La guerre à Gaza n’est qu’un front d’un conflit régional plus large. Au nord, le Hezbollah – financé et armé par l’Iran – lance presque quotidiennement des attaques sur le territoire israélien. En mer Rouge, les rebelles Houthis, également soutenus par Téhéran, menacent la navigation internationale. En Cisjordanie, l’incitation iranienne exacerbe les tensions. Et en Israël même, les frictions s’intensifient entre citoyens arabes et juifs.

L’Iran apparaît ainsi comme l’architecte d’une guerre par procuration régionale. Son objectif n’est pas la création d’un État palestinien, mais la destruction d’Israël et l’effondrement de tout rapprochement entre Israël et les États arabes modérés.

7. Le récit international et le mythe de la neutralité

La déclaration du secrétaire général de l’ONU, António Guterres – selon laquelle « les attaques ne se sont pas produites dans le vide » – illustre la tendance à contextualiser le terrorisme lorsque les victimes sont juives. Prononcée quelques jours après le massacre, cette remarque a fonctionné,  comme un bouclier rhétorique pour les actions du Hamas.

Ceci s’inscrit dans un schéma ancien : le traumatisme juif est souvent soumis à des exigences d’explication qui ne sont pas appliquées à d’autres victimes. Cette asymétrie narrative renforce une forme de biais moral et sape la crédibilité des institutions internationales.

8. L’ONU et la crise d’autorité morale

L’Organisation des Nations Unies, conçue comme gardienne de la paix et de la justice internationales, traverse une profonde crise de crédibilité. L’UNRWA a été associée à des activités terroristes ; l’Assemblée générale adopte plus de résolutions contre Israël que contre des régimes comme la Corée du Nord ou la Syrie.
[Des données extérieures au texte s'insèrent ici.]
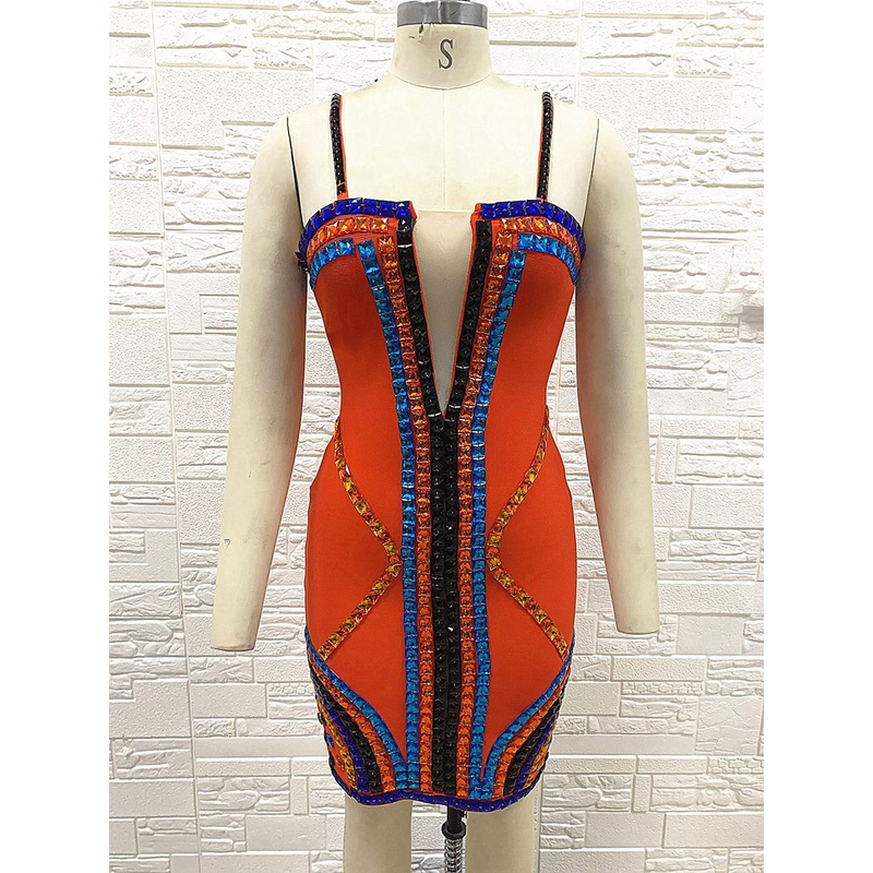 Sleeveless Women's Luxury Diamond Bandage Dress Sexy Waist - Tucked Gown Orange S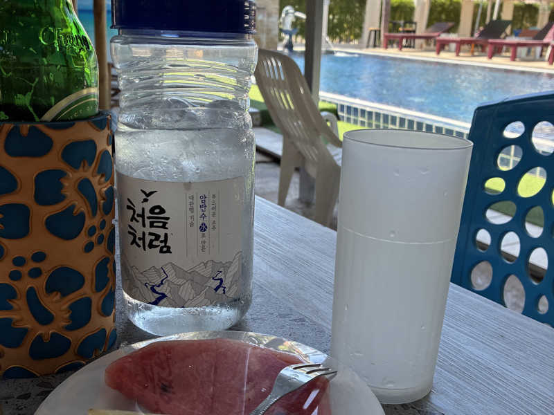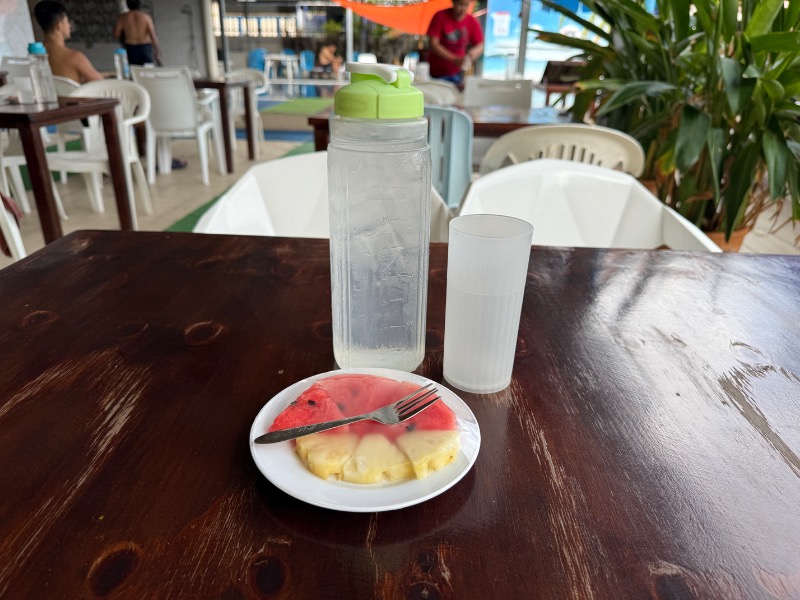 休憩してるとパイナップルとスイカとお水が運ばれてくる。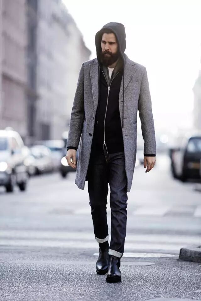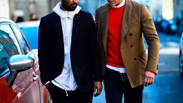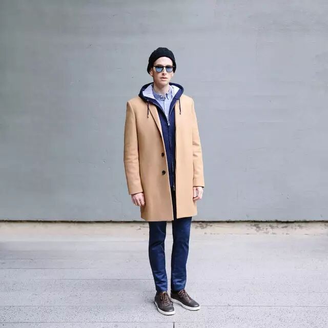 大衣里面可以搭配一件色调偏低调的帽衫,最好是优质的纯棉或者美利奴羊毛。颜色建议选择中性色系,比如,米白、驼色、灰色、藏青色或者黑色。大衣选择裁剪考究的款式,这样配合起来就会显得很街头又很高级。至于裤子看你个人喜好了,配一条舒服的慢跑裤会更运动随意,而一条修身的棉裤子则会更时尚奢华。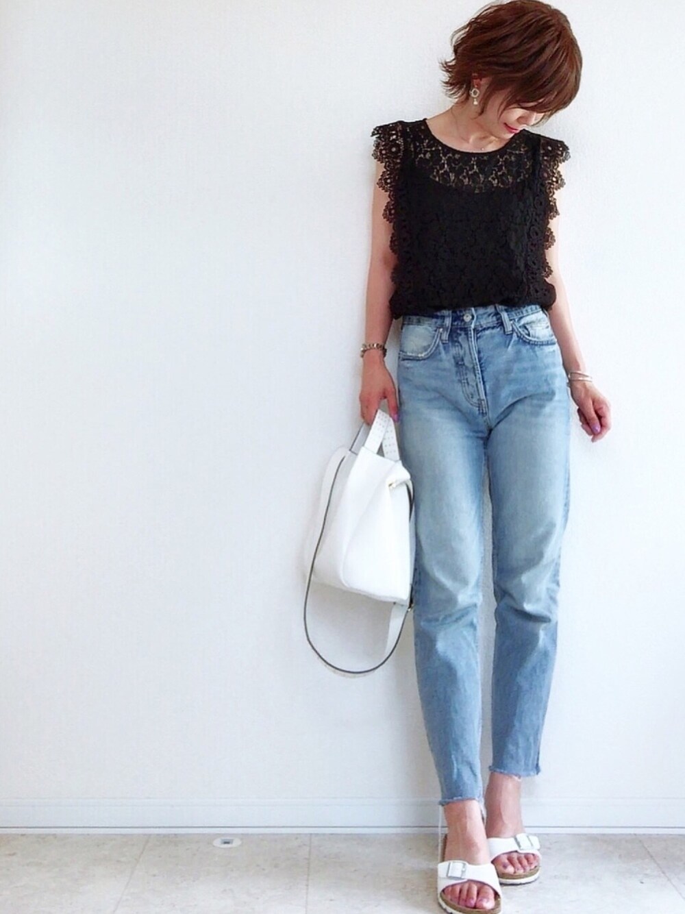 こんばんは♡ またまためずらしい時間に登場🙋♂️🍻 黒×ライトブルー×白 白フリフリはしっくり来ずだったけど 黒フリフリはまだ大丈夫な気が🙈💦笑♡ レースだから涼しいという大発見❤️ スキニーも穿きたくないから ゆるっとデニム合わせー🤤 小窓にぴーちゃんメイドのピアス💕 私の好みドンピシャでした💖

Les scandales impliquant les forces de maintien de la paix et la paralysie chronique du Conseil de sécurité sapent encore davantage la légitimité de l’institution.

Si l’ONU conserve encore, peut-être, une pertinence opérationnelle, elle a perdu l’autorité morale nécessaire pour agir en tant qu’arbitre neutre dans des conflits tels que le différend israélo-palestinien.

9. Israël comme bouc émissaire mondial

Israël est jugé selon une norme unique dans le système international. Plusieurs facteurs expliquent cette situation :

  • Optique de puissance : la force militaire d’Israël masque sa vulnérabilité stratégique sous-jacente.

  • Projection post-coloniale : pour certains, Israël est un substitut commode sur lequel projeter la culpabilité du colonialisme européen.

  • Stigmatisation historique : comme l’a noté Abba Eban, Israël est « le Juif parmi les nations », attendu à une perfection morale inatteignable.

  • Narratifs médiatiques : la souffrance à Gaza domine la couverture mondiale, tandis que les atrocités commises contre les Israéliens – viols, meurtres, tortures – sont souvent minimisées ou rationalisées.

10. Conclusion : vers une éthique de la cohérence

Affirmer le droit d’Israël à exister et à se défendre ne signifie pas un soutien inconditionnel à ses politiques. De même, reconnaître la souffrance palestinienne ne doit pas impliquer de légitimer des organisations comme le Hamas. Ce qui est nécessaire, c’est une cohérence morale : refuser de confondre résistance et massacre, critique légitime et équivalence morale, justice et sentimentalité sélective.